The acquisition costs of liraglutide and other antihyperglycemic agents were obtained from the Drug and Medical Supply Information Center (DMSIC), Thailand Ministry of Public Health [16]. Liraglutide 3 mL sterile solution of 6 mg/mL costs 2407 Thai baht (THB), resulting in an annual cost of 87,874 THB. For other antihyperglycemic agents where a product was supplied by several pharmaceutical companies, the median price from the median list of all pharmaceutical companies was used, in accordance with the Thai Health Technology Assessment (HTA) Guideline [17]. The total cost was the product of unit cost of individual antihyperglycemic agent mentioned above and the resource use obtained from the LEADER trial [9]. The difference in total cost of antihyperglycemic agents from both strategies was included for data analysis. Since people discontinued liraglutide treatment at a rate of 5.23% per year, we factored it into the total cost calculation. Treatment costs of adverse events and complications were based on a published study [18] or a large university-affiliated hospital database [19] (Certificate of Approval No. EXEMPTION-6811/2019). All costs were inflated to the year 2021, using the consumer price index for the medical-care category [20].
Utility Inputs
Utility is a health-related quality-of-life measure that varies from zero, representing death, to one, representing perfect health. The lifetime was weighted by utility values to estimate the quality-adjusted life-year (QALY) associated with health states after treatments. The baseline utility was based on people without diabetes-related complications, which was 0.753 [21]. Utility decrements associated with CV and renal complications were obtained from published studies and applied in the model. Table 2 shows the utility and disutility values used in the model.
Health Outcomes
The predicted long-term costs and outcomes of interest in this study were clinical outcomes, such as number of CV deaths and renal deaths, the incremental costs, life-years gained, QALY gained, and incremental cost-effectiveness ratio (ICER).
Data Analyses
Base-Case Analysis
Of all three cohorts, the expected lifetime total cost and outcomes of add-on liraglutide to existing regimen compared to SoC in each population were calculated and discounted at an annual rate of 3% [22]. The ICER was calculated using the differences in lifetime total cost divided by the difference in outcome for both strategies. When the estimated ICER fell below the accepted threshold in Thailand (160,000 THB/QALY), the add-on liraglutide strategy was considered cost-effective.
Sensitivity Analyses
One-way sensitivity analyses under which each parameter varied were conducted to assess the robustness of the cost-effectiveness analysis. The key input parameters varied among plausible ranges. When available, the standard deviation or 95% CI was used as a range for the one-way sensitivity analysis. When no such data were available, costs, probabilities, and utilities were varied within a range of ± 20%, ± 10%, and ± 10%, respectively. All plausible ranges are summarized in Tables 1 and 2. The discount rate varied from 0 to 6%, following the recommendation of the Thai HTA Guideline [22]. The results were displayed as a tornado diagram. Willingness-to-pay (WTP) threshold analysis was conducted to estimate the cost of liraglutide that yielded ICER equal to the accepted threshold in Thailand (160,000 THB/QALY).

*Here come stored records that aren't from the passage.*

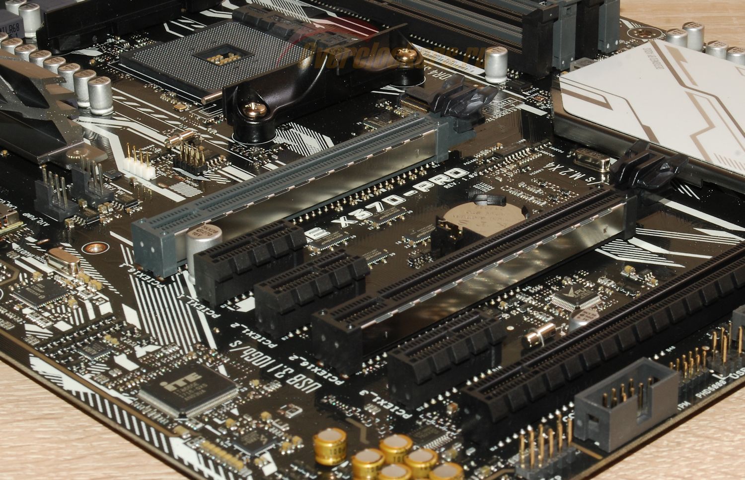 Инженеры ASUS реализовали в ASUS Prime X370-Pro исходили из этих нюансов: на плате распаяно три полноразмерных PEG, три PCIe x1 и одно посадочное место M.2.
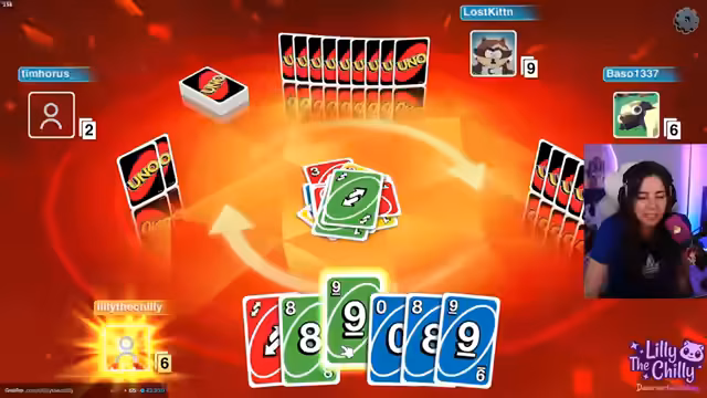 03:09:16Die Uno-Runde beginnt turbulent, mit aggressivem Gameplay und endlosen Kontern. Eine der Spielerinnen, Lost Kitten, wird als besonders ehrgeizig entlarvt, da sie das Spiel bereits neunmal gewonnen hat. Die Runde zieht sich in die Länge, mit ständigen Farbwechseln und dem Einsatz von +4 Karten. Es kommt zu hitzigen Diskussionen über die Regeln und Anfechtungen. Einige Spieler fühlen sich benachteiligt und es kommt zu Beschuldigungen und Schuldzuweisungen. Die Runde wird als die längste Uno-Runde aller Zeiten bezeichnet und die Spieler leiden unter Lachkrämpfen und Frustration. Trotz der Aggressivität und des endlosen Spiels haben die Teilnehmer Spaß und die Zuschauer sind begeistert. Es wird überlegt, ob die Runde jemals zu Ende gehen wird und ob jemand noch andere Verpflichtungen hat.
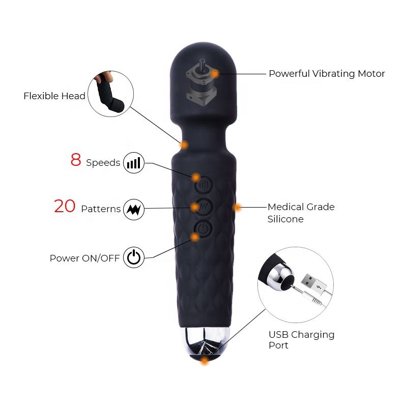 Massaggiatore Personale in Silicone per Corpo, Collo e Spalle con 8 Velocità e 20 Modalità per Uomini e Donne
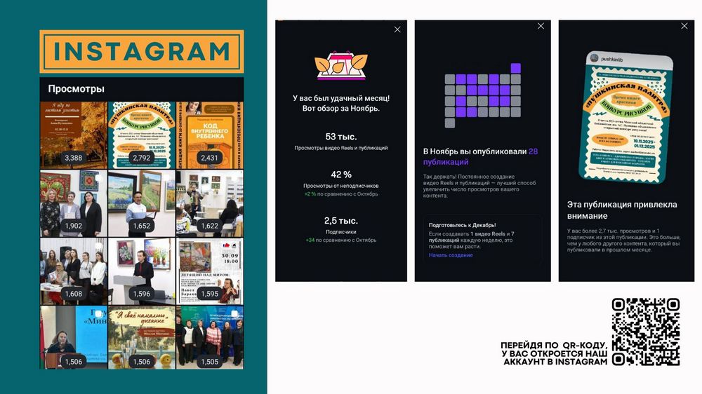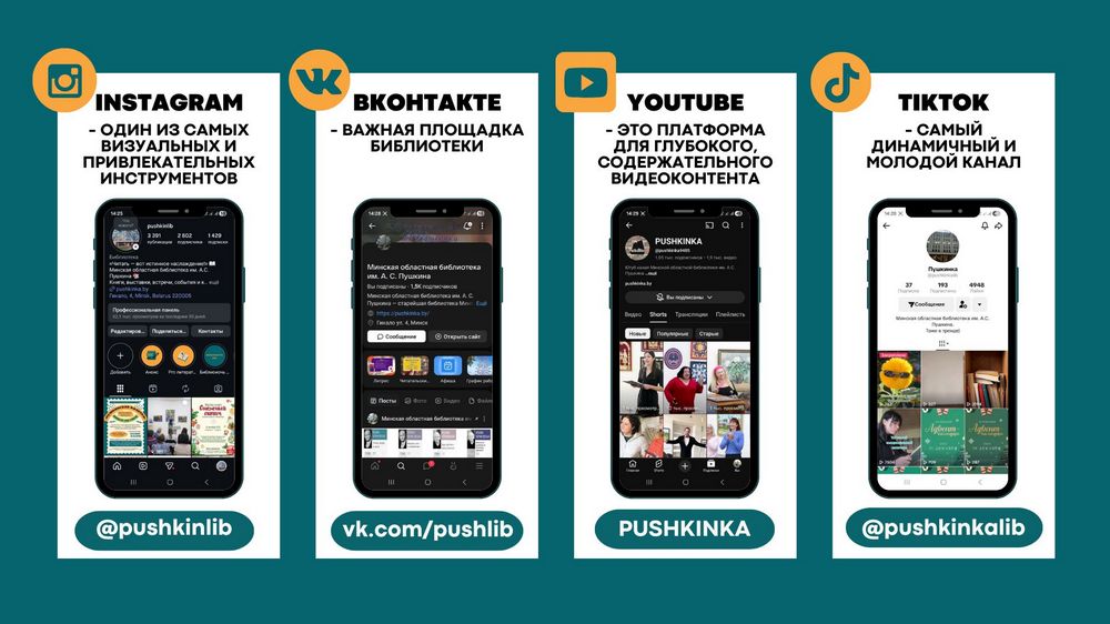 Слушатели курсов повышения квалификации библиотечных специальностей на примере Минской областной библиотеки узнали о том, какую роль играет грамотное и профессиональное ведение социальных сетей в формировании современного и привлекательного имиджа библиотеки. Алина Черноокая подробно рассказала о результатах и достижениях отдела маркетинга и социокультурной деятельности Минской областной библиотеки им. А.С. Пушкина, сотрудники которого занимаются информационным и контентным наполнением сайта библиотеки и самых востребованных интернет-площадок: «Инстаграма», социальной сети «ВКонтакте», видеохостинга «YouTube» и других. Лектор подчеркнула, что страницы библиотеки в соцсетях имеют весьма обширный охват аудитории и незаменимы в современном мире цифровых источников информации. Так, на данный момент на «Инстаграм» Пушкинки подписано более двух с половиной тысяч человек, а выкладываемый контент набирает от пятидесяти до семидесяти тысяч просмотров за месяц. Просмотры на «YouTube» также исчисляются десятками тысяч за год и продолжают неуклонно расти. Всё это и многое другое позволяет Минской областной библиотеке занимать одну из лидирующих позиций.
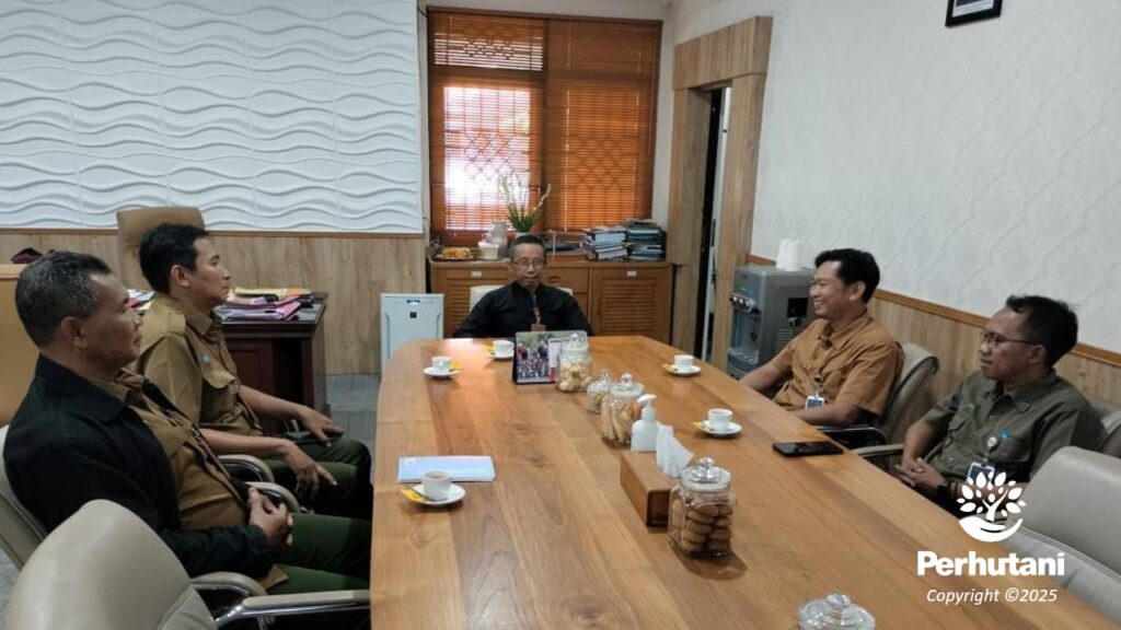 BANYUWANGI, PERHUTANI (14/10/2025) | Dalam rangka memperkuat sinergi, kolaborasi, dan membuka peluang kerja sama pengelolaan wisata di kawasan hutan, Perhutani Kesatuan Pemangkuan Hutan (KPH) Banyuwangi Selatan bersama PT Palawi Risorsis melakukan kunjungan sinergitas ke Pemerintah Kabupaten (Pemkab) Banyuwangi, yang diterima langsung oleh Sekretaris Daerah (Sekda) Banyuwangi, Guntur Priambodo, di ruang kerjanya, Selasa (14/10).

In addition, a probabilistic sensitivity analysis was conducted, whereby individual sets of parameter values were drawn from an appropriate statistical distribution (Tables 1 and 2), with results generated for 1000 simulation runs. The results of the analysis were displayed as a scatterplot and a cost-effectiveness acceptability curve, which graphically represented the probability of add-on liraglutide being cost-effective, compared to SoC alone, for different defined WTP thresholds.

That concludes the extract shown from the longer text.